The *char-rnn* code generates a sequence of checkpoint files. These checkpoint files can be used to generate text, lyrics in our case, as the network proceeds with learning. Generating text file with any checkpoint file requires a short intial text string, called *primetext*, in *char-rnn*. A selected sampling of generated lyrics is shown in Figure 9. The order of these selected samplings is from early checkpoints to later checkpoints to see how well more iterations improve the resulting text. The highlighted text in blue in Figure 9 shows those segments that could be in a Bollywood lyric. Also, it is to be seen that the network is able to even generate two rhiming lines in a lyric.

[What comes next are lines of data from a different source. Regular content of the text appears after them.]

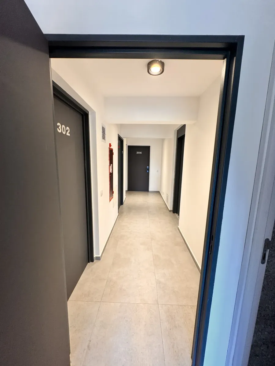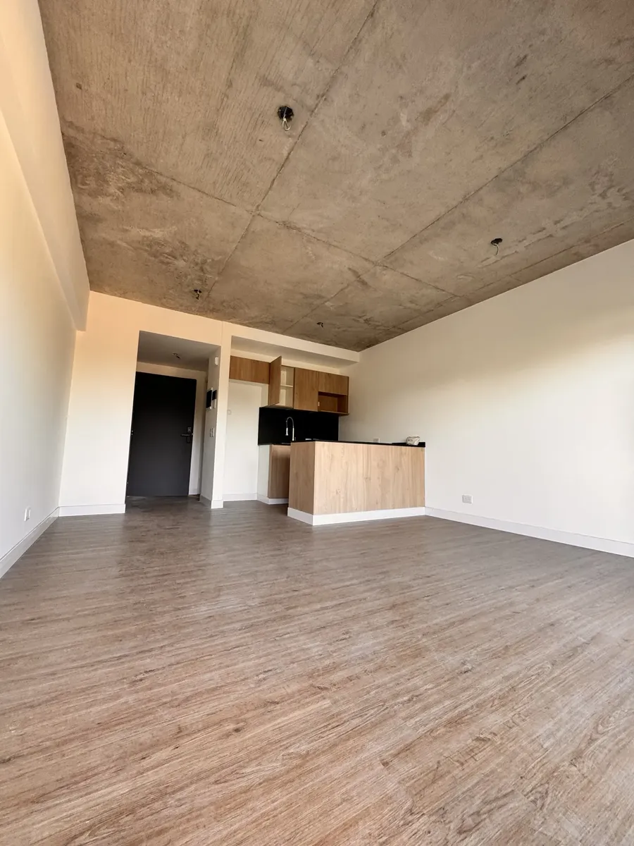 Apartamento de um único ambiente novo (nunca habitado) com varanda de frente para a rua. Conta com cozinha integrada, espaço para lavanderia e banheiro com box/chuveiro. Há churrasqueira na área de terraço.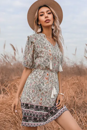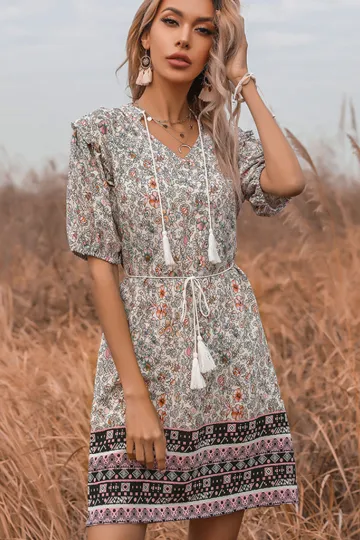 Wholesale Slim Fit Fringed V-Neck Tie Floral Dress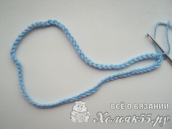 Цепочку замыкаем в кольцо соединительной петлей. Проверяем, что наша цепочка не перекрутилась где-нибудь. В противном случае, провязав ряд мы это все равно обнаружим и нам придется распускать вязание до самого конца, чтобы правильно соединить 2 конца воздушной цепочки.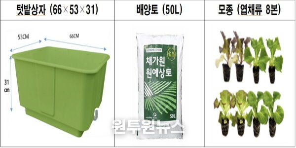 텃밭상자(66吱君cm), 배양토(50L), 모종(엽채류 8본), 사용설명서로 구성돼 있으며 서대문구 주민, 기관, 단체가 신청할 수 있다.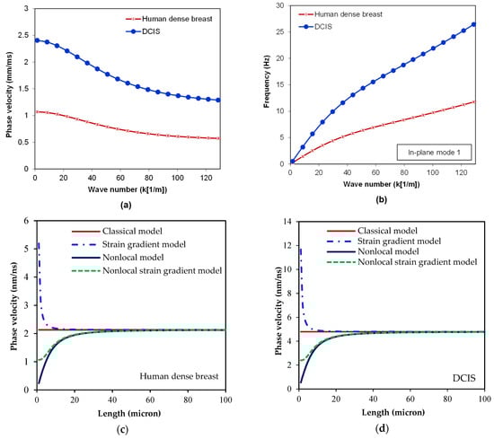 (a) Phase velocity of in-plane waves propagated within the human dense breast and DCIS versus the wave number; (b) frequency of in-plane vibrations induced by the wave propagation within the human dense breast and DCIS. The first mode of in-plane vibrations was excited to extract the wave propagation characteristics of the breast lesion. A scale-dependent model of higher-order nonlocal elasticity was used for calculations. Phase velocity of in-plane elastic waves within (c) a human dense breast and (d) DCIS versus sample size for different models including nonlocal, strain gradient, classical and a combination of them.

Although I could have fine tuned my network by exploring with different parameter settings, I am happy with the results to conclude that RNN/LSTM can be trained, especially in certain limited domains, to produce output tending towards human-like output. Also, besides language modeling there are many other interesting applications of RNN/LSTM networks.

Finally, I would like to thank Andrej Karpathy for making his code available; otherwise this blog post wouldn’t have been written.